In this post, I’ll cover step-by-step how to install Pyspark on a MacBook Pro M3 computer. This set of 6 instructions will conclude with verifying that Pyspark can be used from a jupyter notebook, in a conda virtual environment.

install pyspark on MacBook pro m3

How to Install Pyspark on MacBook Pro M3 – composite image by author

Step 1: Install Homebrew

To start off with, make sure that you have Homebrew installed on your computer. Homebrew is a missing package manger for MacOS and Linux. I did this by running the following command from terminal:

/bin/bash -c "$(curl -fsSL https://raw.githubusercontent.com/Homebrew/install/HEAD/install.sh)"

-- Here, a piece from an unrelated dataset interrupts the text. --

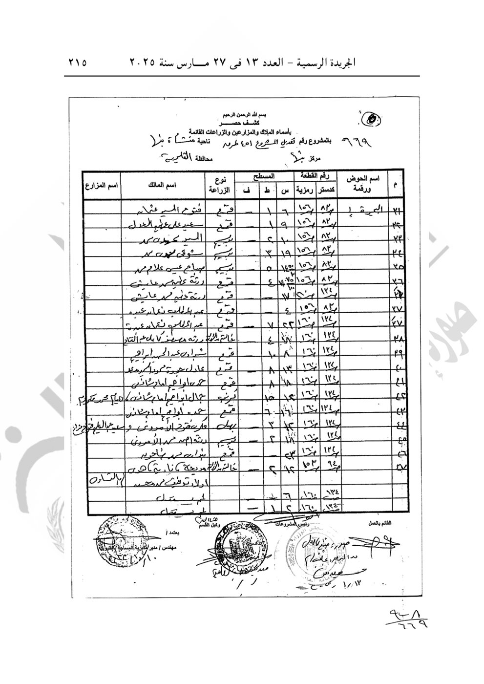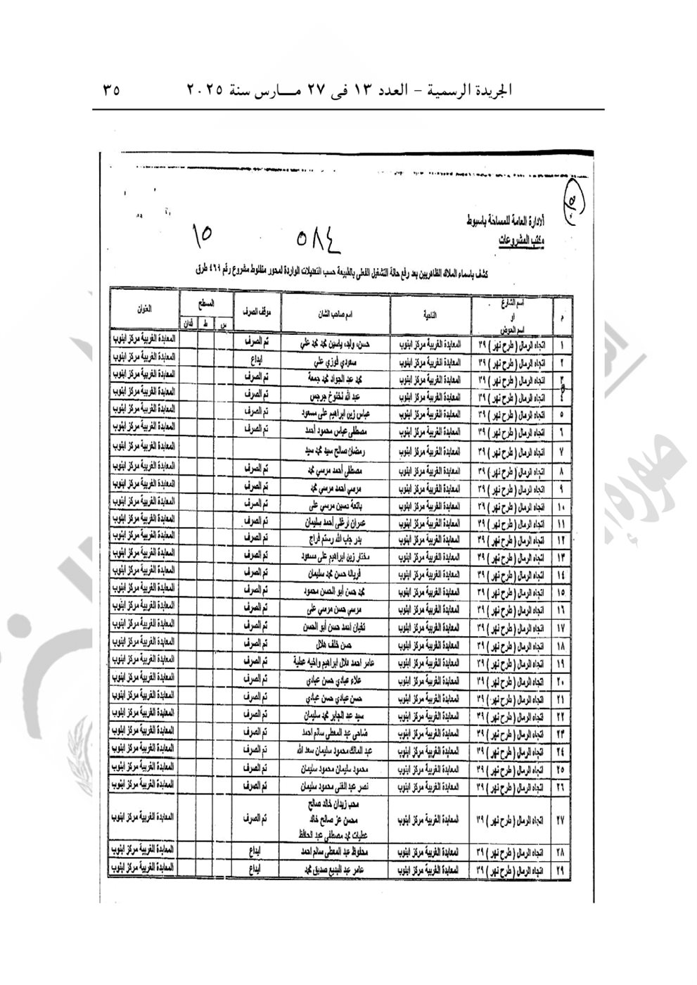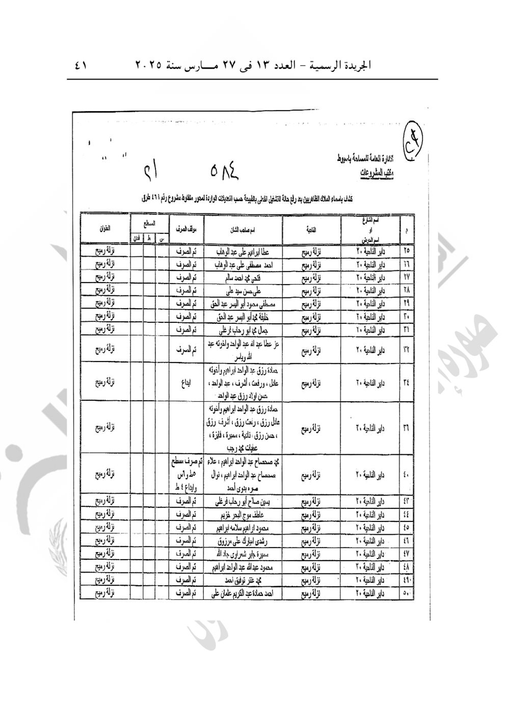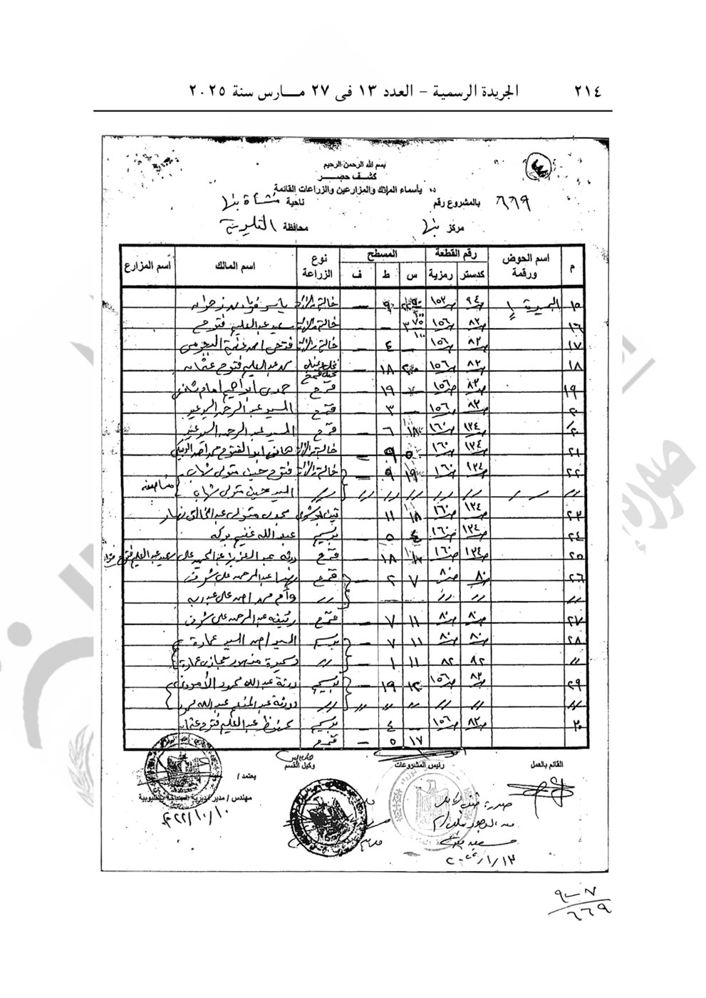 -وقرار رئيس مجلس الوزراء رقم 669 لسنة 2025، بشأن إضافة الخرائط المساحية وكشوف الملاك الظاهرين المرفقة بهذا القرار، إلى الخرائط المساحية والكشوف المرفقة بقرار رئيس مجلس الوزراء رقم 186 لسنة، والذي يقضى باعتبار مشروع إنشاء المحور الحر شرق الرياح التوفيقى فى المسافة من بنها حتى ميت غمر فى نطاق محافظتى القليوبية والدقهلية من أعمال المنفعة العامة.

Follow the instructions as they appear, and respond according to your preferences.

Step 2: Install & Setup Python

Next we can install Python. I did this through Miniconda, a lightweight version of the Anaconda environment and package management system. Run this command from terminal:

brew install --cask miniconda

Like before, follow the instructions on the command line as they appear. 

After refreshing the terminal to ensure conda is setup in the current process, I created a virtual environment for the rest of the steps to come. To do this, run:

conda create -n pyspark_env python=3.9

where pyspark_env is the name of the new virtual environment. Activate the new environment:

conda activate pyspark_env

Now we can install two packages in our new virtual environment, that we’ll make use of later. Run the following commands: 

conda install jupyter
conda install findspark

Step 3: Install Java

Pyspark is a Python wrapper around Spark, which relies on Java. To install Java, I executed the following command:

brew install openjdk@11

Step 4: Install Apache Spark

This step will not only install Spark, but also the Pyspark library as well. Run the following command to complete this step: 

brew install apache-spark

Note that in my particular case, I ended up with apache-spark version 3.5.0 after running this installation.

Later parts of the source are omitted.